# The True Nature of Accelerating Objects, in Code - Part II.

(If you missed part 1 of this discussion, the following won’t make a ton of sense. Read Part 1 here.)

Recap: we’ve used a seemingly valid way to change the position and velocity of a moving particle. However, upon closer inspection, it turned out to not give physically realistic motion.

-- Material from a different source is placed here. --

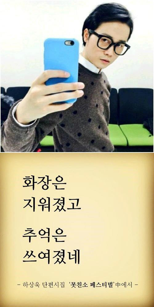 공개된 사진 속에는 하상욱이 MBC '무한도전'에서 공개했던 '화장은 지워졌고 추억은 쓰여졌네'라는 시가 적혀있다.
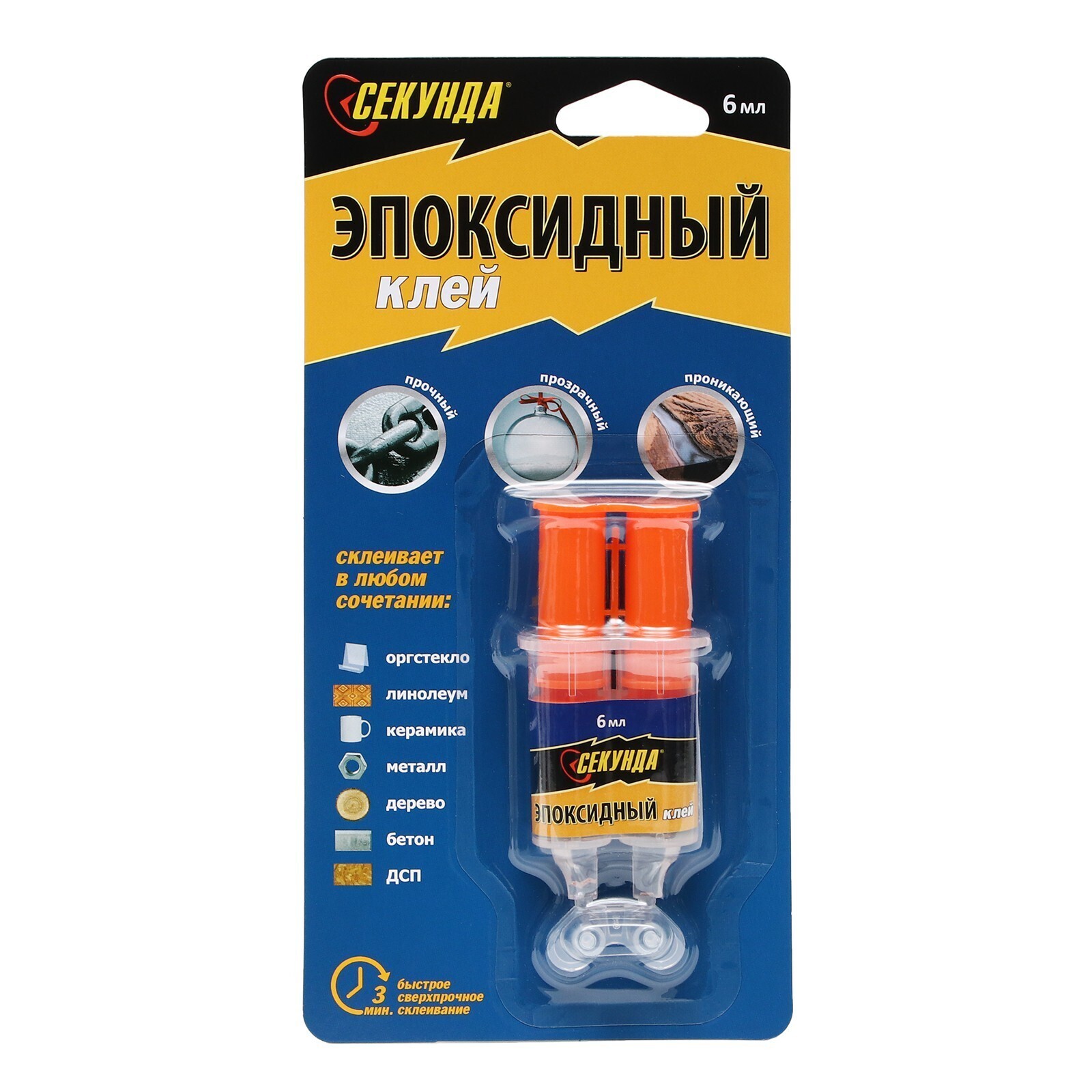 Эпоксидный клей "Секунда" 3 минуты (смола+отвердитель) в шприце 3+3 мл

Here’s a table of data showing successive positions for an object undergoing accelerative motion. The first column has the time (in seconds). The second column calculates the position using standard kinematics. The third column uses the *not quite right* code from the previous post.

t | position (good) | position (bad) |
---|---|---|

0 | 0 | 0 |

1 | 0.5 | 1 |

2 | 2.0 | 3 |

3 | 4.5 | 6 |

4 | 8.0 | 10 |

5 | 12.5 | 15 |

Clearly there is a discrepancy. (The series of numbers in the *bad* column is not worthless though. It generates triangular numbers which have many interesting properties.)

Alright. We’ve got our problem. Now let’s solve it. We need to translate our equation of motion for an object undergoing uniform acceleration into a set of javascript instructions.

\[x(t) = x_0 + v_0t + \frac{1}{2} a t^2 \;\; \Rightarrow \;\; \textrm{CODE}\]We learned in Part 1 that we can’t just plop this equation in and be done - instead, we need to iteratively add changes in velocity to an already moving particle.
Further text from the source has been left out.